I met Elizabeth Syson during our Freshmen Welcome Weekend at Taylor University. She walked into our dorm with a spikey fauxhawk, rings on every finger, and ripped jeans. She carried a sweatshirt though temperatures outside had been consistently above 90 degrees. Needless to say, she was not the kind of person I had been expecting to meet at my small university in the cornfields.

 

My perception of Elizabeth gradually changed. We became better acquainted through shared classes, and I discovered her witty sense of humor, incredible writing talent, and unique backstory. The fauxhawk is gone now—replaced by dreadlocks—and the ripped jeans and multitude of rings have been switched around, but the girl wearing them remains the same.

 syson

Elizabeth is a two-sided coin. At first glance, she seems average. She chose Taylor for the Professional Writing program, and like many professional writing majors, she looks forward to a day when she can simply sit and write or read, “to make a hot cup of tea and get comfortable . . . when I don’t have to feel guilty about not doing something.”

 

In her free time, Elizabeth enjoys TV shows like Agents of S.H.I.E.L.D., Criminal Minds, and Doctor Who. She plays the flute and sings. She loves to laugh, and her heart melts at fluffy creatures.
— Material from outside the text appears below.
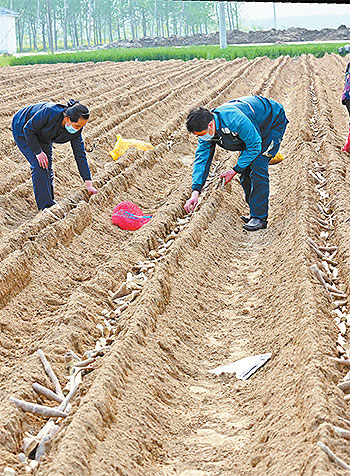 看到誰(shuí)家忙不過來,趙本增只要有空就會(huì)主動(dòng)上前搭把手。圖為春耕時(shí)節(jié),趙本增與支局的幾位同事幫助村民王大柱種植山藥。

She stays up until two in the morning accidentally and spends her first waking moments calculating how long she can ignore her alarm before actually having to get out of bed.

 

Although in many ways she resembles a typical college student, Elizabeth is quite unique. A missionary kid, Elizabeth moved five times before traveling with her family at age seven to Panama. The Sysons moved back to the United States when Elizabeth was eleven, spending a year in Michigan before settling in Arizona. This experience caused her to appreciate things like being able to call family long-distance, having good educational opportunities, and having a caring family. She speaks Spanish conversationally and wonders at the weirdness of being a racial majority again.

 

Her past isn’t the only thing that makes Elizabeth unique. There is a depth and an understanding in the way she looks at things. For example, her favorite superhero is Hawkeye, not because of his talents, but because he’s human. He has flaws, and he gets kicked down and depressed, but, he still comes back to fight for what he loves. “He pretends to have a big ego, but deep down he’s insecure about being human. It’s something I identify with,” Elizabeth says, adding that she is touched by anyone who stands up against the odds.

 

A deep-thinking, cockroach-owning, horseback-riding, swing-dancing lover of words and music, Elizabeth plays with the stereotypes of what a “normal college student” should be. She conforms to normalcy in some respects, but shines with uniqueness in others. Elizabeth is more than her major, more than her hair style, and more than you would ever expect at first glance.